Петр Алексеевич с заметным интересом просмотрел строчки, выведенные каллиграфическим Люсиным почерком, а затем подозвал к себе донельзя смущенного Ваню.
− Скажи-ка, брат, − писатель доверительно наклонился к нему, дружески обняв за плечи. – А кроме этих датских виршей у тебя что-нибудь есть?
− Датских… чего? – Шаховцев непонимающе уставился на именитого земляка.
− Ну, я имею виду, кроме стихов к праздничным датам и тому подобное…
− Ну так…
− Что «ну так»? Писал или нет? К примеру, лирику? Ты ведь наверняка уже влюблялся в какую-нибудь здешнюю Дульсинею? – Веселецкий заговорщицки подмигнул.
− Ну да…
− И небось посвятил что-нибудь, ведь так?
− Так, − став окончательно пунцовым, признался мальчик.
− Вот и ладненько. Тогда в субботу, в четыре, жду в гости. С любовными виршами, − Веселецкий достал из кармана авторучку, блокнот, черкнул адрес.

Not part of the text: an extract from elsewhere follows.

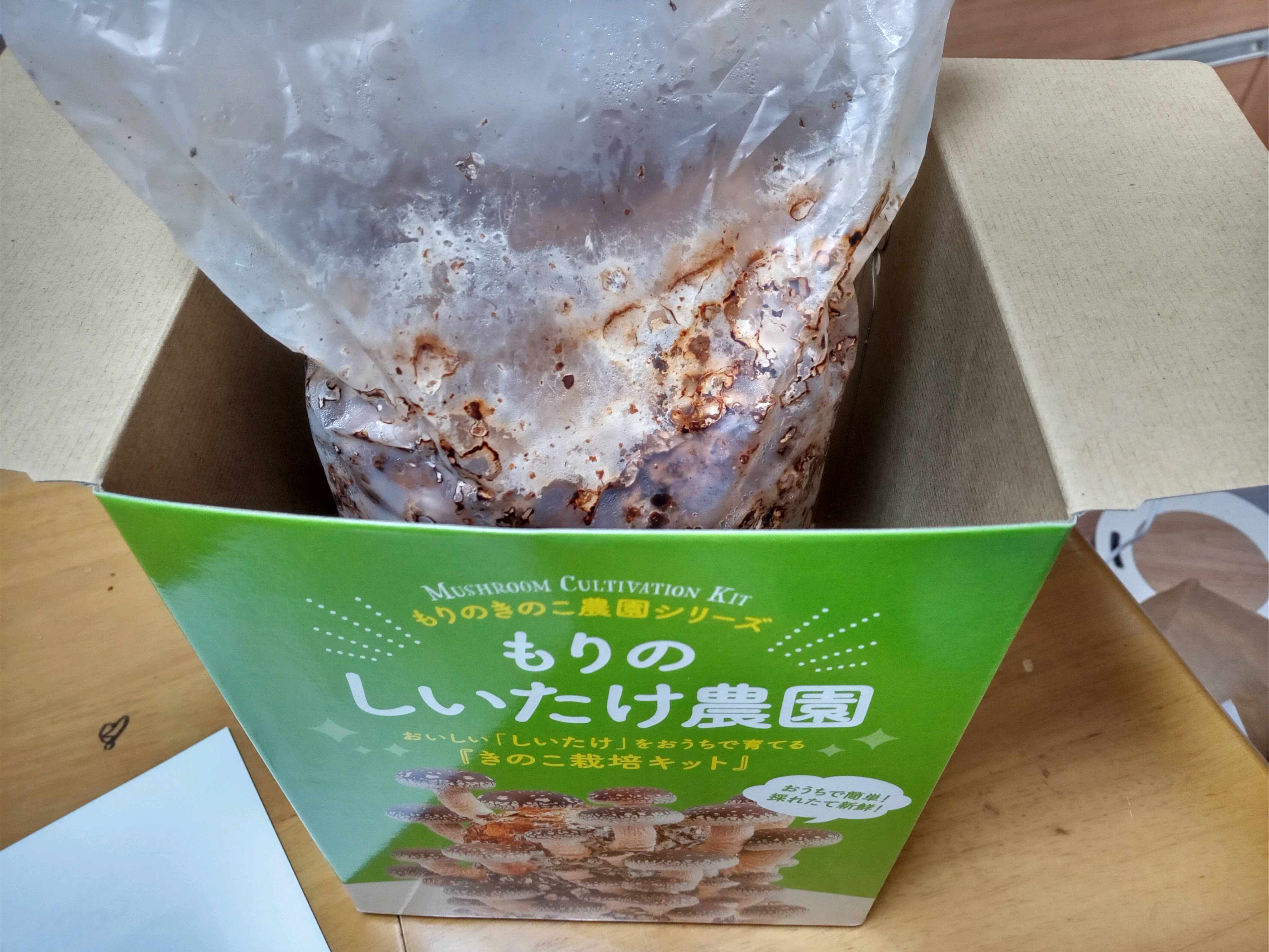 そうです昨日Amazonで自分がポチっとした『しいたけ栽培キット』でした~。

Дома, когда Иван рассказал о приглашении матери, та долго не могла опомниться от радости и даже позвонила в Москву тете Наташе, своей институтской подруге. Та ахнула и разразилась кучей советов и нравоучений: как одеться, что взять с собой… и обязательно отпечатать стихи на машинке. С этим и возникла проблема: Ольга Григорьевна была знакома только с «датскими виршами» сына, а зарифмованные любовные переживания он принципиально не показывал никому. В результате в субботу Шаховцев отправился в гости с солидной «взрослой» папкой под мышкой, где на строгих листах темнели набранные строки, посвященные Седьмому ноября да дню Советской армии, и разные пионерские приветствия. А в кармане, тщательно спрятанные от глаз родительницы, покоились тетрадные странички с самым сокровенным:
Зачем я иду за тобою,
Как тайный соглядатай?
С чего же так сердце ноет,
Когда на дворе месяц май?
От боли становится жарко,
И сердце рыдает, скорбя,
Как вижу на лавочке, в парке,
В объятьях другого, тебя…
Поначалу Ольга Григорьевна хотела пойти к писателю вместе с сыном, но тот убедил ее, что Веселецкий приглашал лишь его одного, для серьезного мужского разговора. И в конце концов ему, Ване, уже целых тринадцать лет! Кончилось все тем, что мама нехотя, но все же осталась дома, зато заставила отпрыска надеть парадную белую рубашку, отутюженные черные брюки и новые, тесные и жутко неудобные, ботинки.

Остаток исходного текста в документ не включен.